Jungkook içeri girip etrafı süzerken ilk düşündüğü şey, her yerin Taehyung gibi kokuyor oluşuydu.

Taehyung onun montunu asıp etraftaki dağınıklığı apar topar düzeltti ve tekrar ona döndü. "Pek büyük değil, yolda söylemiştim zaten"

Jungkook hafifçe gülümseyip başıyla onayladı. "Benim için sorun yok"

"Aç mısın? Bir şeyler yapabilirim"

Başını iki yana sallayıp koltuğa baktı ve daha fazla konuşmadan kıvrıldı Jungkook. Nefesleri o kadar kısa sürede derinleşmişti ki, nasıl uyuyakaldığını fark etmedi bile Taehyung.

Koltuğun kenarına oturup hafifçe dokundu koluna. "Yukarıda yatabilirsin... Belin ağrıyacak"

Jungkook ses vermeyince iç çekip kalktı ve yukarıdan battaniye almaya çıktı. Hiç misafiri olmadığından dolabın üst rafında yer edinmişlerdi. Zar zor çekerek aldığı battaniye ve yastıkla beraber aşağıya indi ve Jungkook'un kravatını gevşetip düğmelerini açtı. Bir sonraki hareketi, rahatsız yastığı yumuşak yeni yastıkla değiştirip üstünü sıkı sıkı örtmek olmuştu.

Başını huzursuzca eğdi. "Ne kadar da beceriksiz bir eşim, öyle değil mi? Belki de yanlış seçim yaptın"

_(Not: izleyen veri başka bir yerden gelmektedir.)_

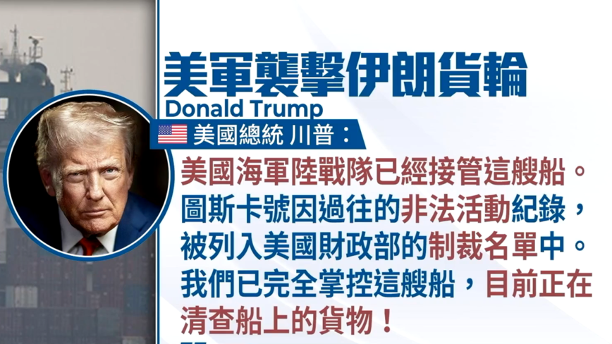 【新!唐!人:北京时间2026年04月20日讯】美伊紧张局势再度升高。美国总统川普,周日表示,一艘伊朗货船不听从警告,美军因此对其引擎舱发动攻击,炸出破洞,迫使船只停止航行。
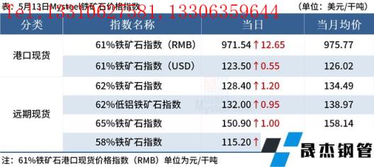 ◎5月13日,全國主港鐵礦石成交93.50萬噸,環比增76.4%;237家主流貿易商建材成交15.61萬噸,環比增27%。
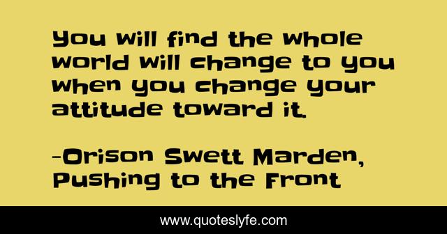 This page presents the quote "You will find the whole world will change to you when you change your attitude toward it.". Author of this quote is Orison Swett Marden, Pushing to the Front. This quote is about world, life, perspective, inspiration,.
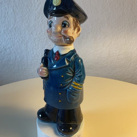 Fin lille karaffel med spille dåse. Den spiller (når den er trukket op) og karaflen løftes. Så er msn afsløret. Stopper med at spille når den bliver sat ned. I brun glasur med guld skrift “snaps” kork problem. Rummer ca 70 cl. H inkl prop ca 23 cm. Pæn. Tror den mangler en ting der skulle dreje rundt i midten, når karaflen spiller. Derfor prisen ( har selv haft en lille gris siddende. Spidsen er der endnu. Kender melodien den spiller, men ved ikke hvad den hedder. Har været brugt i hjemme baren. Ingen afslag, revner eller lign. Alm brugsspor. Alder, oprindelse ukendt. Sender gerne til pakkeshop kr 53.- - se også mine andre annoncer.
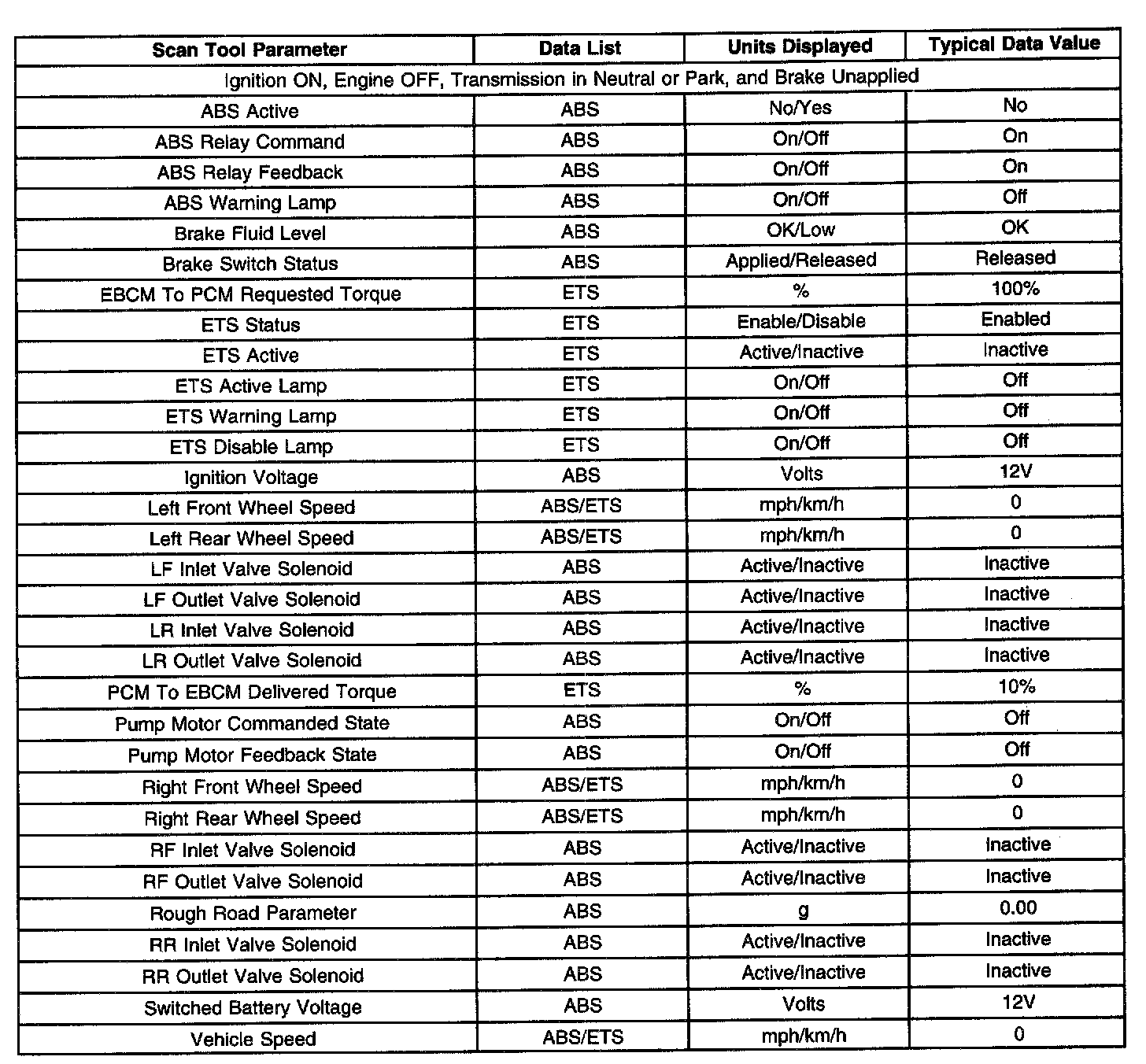 Scan Tool Data List
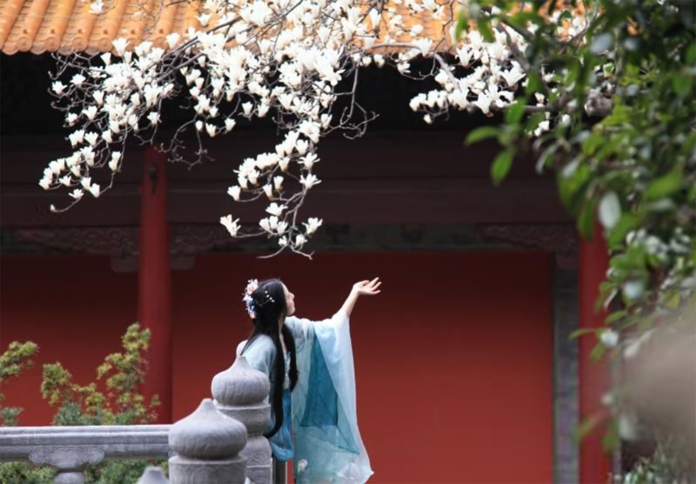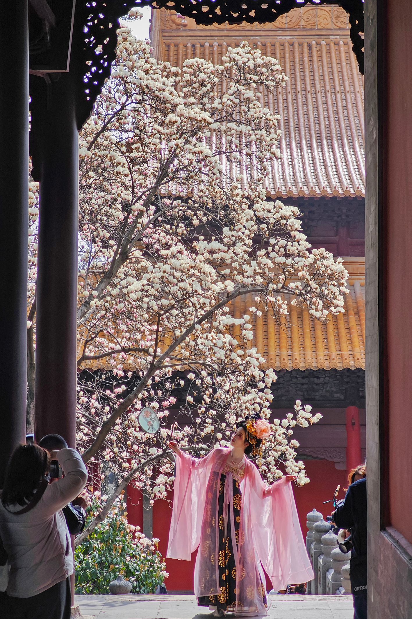 3月8日,江苏南京,身着古装的市民在朝天宫内盛开的玉兰花前拍照。(中新社)

"Tam bir salaksın" Jungkook mırıldanıp battaniyeyi açtı ve gözünü aralamadan yanını patpatladı. "Hava soğuk, ben sıcağım. Gel"

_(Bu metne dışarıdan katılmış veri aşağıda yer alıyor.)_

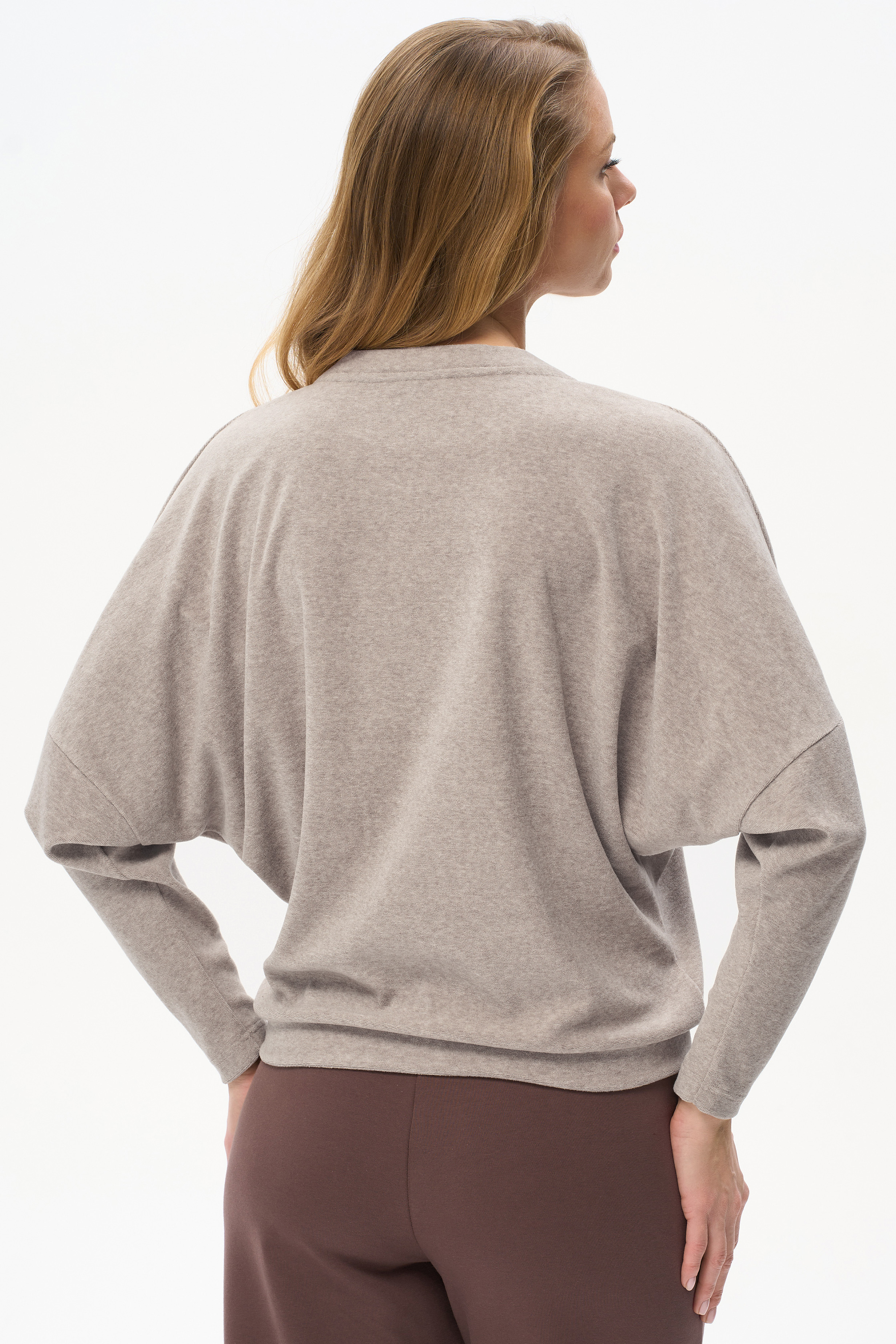 64% вискоза/ 22% полиэстер/ 8% нейлон/ 6% эластан Элегантный джемпер в стиле 80-х, с заниженной проймой, почти от талии. Рекомендуем дополнить образ юбкой из такого же полотна, либо брюками из футера бежевого цвета.

Taehyung kafasındaki şüphe tohumları filizlenmeden kendine yer edinip battaniyeyi kendi üstünden geçirdi ve ona sokuldu. Kendisinin aksine Jungkook'un feromonları, her zaman yardım etmeye hazırdı.

"Buz gibisin" Jungkook kollarını sıkılaştırdı.

"Yanına sen çağırdın, istemiyor musun yoksa şimdi de"

"Hmp, öyle demedim" Jungkook burnunu Taehyung'un boynuna sürünce Taehyung titreyip çekilmeye çalıştı.

"Yapma... Sadece kokunu almayı seviyorum... Ev... Koltuk... Eşyalar... Her yer senin gibi kokuyor, seni daha çok istememe neden oluyor hepsi"

Taehyung gergince yeniden ona yaklaşıp başının omzunda yer edinmesine izin verdi. Böylece Jungkook'un kendini uykunun kollarına bırakması yeniden mümkün olmuştu.

Sabah gün doğduğunda Taehyung ayağa dikilmiş ve genelde es geçtiği kahvaltı için kollarını sıvamıştı. Dizilerde herkes bir çırpıda kahvaltı hazırlıyordu, ne kadar zor olabilirdi?

Jungkook kapıya dayanıp kollarını birleştirerek Taehyung'u izlemeye başladığında Taehyung ecel terleri döküyordu. Jungkook içeri girip çubukları ondan aldı ve onu hafifçe kenara itekledi. Taehyung homurtuyla çekilip onun yumurtaları çırpışını izlemeye başlamıştı.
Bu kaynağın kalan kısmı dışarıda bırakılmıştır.